The Biden administration is to announce regulatory guidance on subsidies for corn-based “sustainable aviation fuel” that could end up raising food prices and incentivizing environmentally damaging practices.
The guidance, which is expected to be released later this year, would allow SAFs made from corn-based ethanol to more easily qualify for tax credits under the Inflation reduction law (IRA) if terminated, seconds to Reuters. Provided the switch happens, corn-based ethanol would be poised to play a major role in the administration's goal of SAFs meeting 100 percent of demand by 2050 to counter climate change .
However, corn-based ethanol aviation fuel could have hidden environmental and economic costs that may cause more problems than it solves, experts say.
Reliance on corn-based ethanol aviation fuel “won't do much for global warming, but it will do a lot to benefit the renewable fuel industry and also indirectly benefit corn prices,” he said professor C. Ford Runge, distinguished. McKnight University Professor of Applied Economics and Law at the University of Minnesota, told the Daily Caller News Foundation.
The costs of corn ethanol aviation fuel will be “borne by consumers, taxpayers and the environment,” just as it has in the past when government policies have mandated its use in gasoline for automobiles, Runge told the DCNF. “These policy efforts, largely bipartisan and well-funded by the renewable fuel lobby, have been quite successful, and they are stumbling despite evidence that ethanol is neither particularly efficient nor environmentally friendly.”
If the Biden administration's goals are met, 35 billion gallons of SAF will be used each year to boost air travel and commerce. seconds at the Department of Energy (DOE).
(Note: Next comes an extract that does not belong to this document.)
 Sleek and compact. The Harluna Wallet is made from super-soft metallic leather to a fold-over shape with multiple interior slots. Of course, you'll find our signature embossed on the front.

The goal is to reduce carbon emissions, but corn ethanol jet fuel may not reduce emissions enough to offset the other environmental and economic costs associated with its production.
“SAFs are definitely not a climate solution at all, let alone an effective solution,” Mark Jacobson, a professor of civil and environmental engineering at Stanford University, told the DCNF. “Ethanol production from corn increases CO2 equivalent emissions by 0-24% relative to gasoline and increases the price of corn (making it more expensive to eat).”
Currently, about 40% of the country's corn crop is used to create ethanol, up from 10% in the mid-2000s. seconds in the New York Times. About 100 million acres of American land, almost all of it in the Midwest, is used to grow corn. Meanwhile, major airlines are beginning to invest in long-term SAF plans and facilities.
More ethanol production means less corn is available for animal feed, forcing farmers to pay higher prices to feed their animals; this increase in costs is invariably passed on to consumers, seconds to Farm Aid, a farmer advocacy organization. In addition, production tends to decline as farmers deal with rising feed costs, which also puts upward pressure on the prices consumers pay for chicken, beef, pork, eggs and dairy products.
Corn products are also used in a wide range of processed foods, so those products would be subject to the same dynamics, according to Farm Aid. Also, rising corn yields could force farmers to grow less wheat and soybeans; this result also makes cereals and grains more expensive.
“There is no clear evidence that biofuels, especially corn ethanol, have an advantage in reducing emissions,” Runge, who has written about the disadvantages of ethanol in the past, he told the DCNF.
Beyond the economic impacts that a boost in corn ethanol production could have, a substantial increase in corn production is likely to have considerable environmental impacts as well.
Future reliance on SAF corn-based ethanol to meet the nation's flight needs would add stress to the nation's groundwater aquifers, according to the NYT. Corn is a water-intensive crop to produce, and it can take hundreds of gallons of water to produce just one gallon of ethanol; America's aquifers, especially in places like Kansas and Nebraska, already face high levels of stress, largely due to agricultural irrigation, seconds to a separate NYT data analysis.
Finally, the corn is transformed into ethanol and then transported to be used to power airplanes.
“Fuel combustion (in this case, in the airplane) is always the hardest on the environment in terms of air pollutants and carbon dioxide (and wakes in the case of aircraft),” Jacobson told the DCNF . “Fuel production is important, though. Emissions occur from fertilizing, irrigating, cultivating, mining the corn, transporting the corn to a refinery, refining the corn into ethanol, transporting the ethanol (in train, truck or barge, as ethanol cannot be transported by pipeline).
The White House, the Department of Agriculture and the DOE did not immediately respond to requests for comment.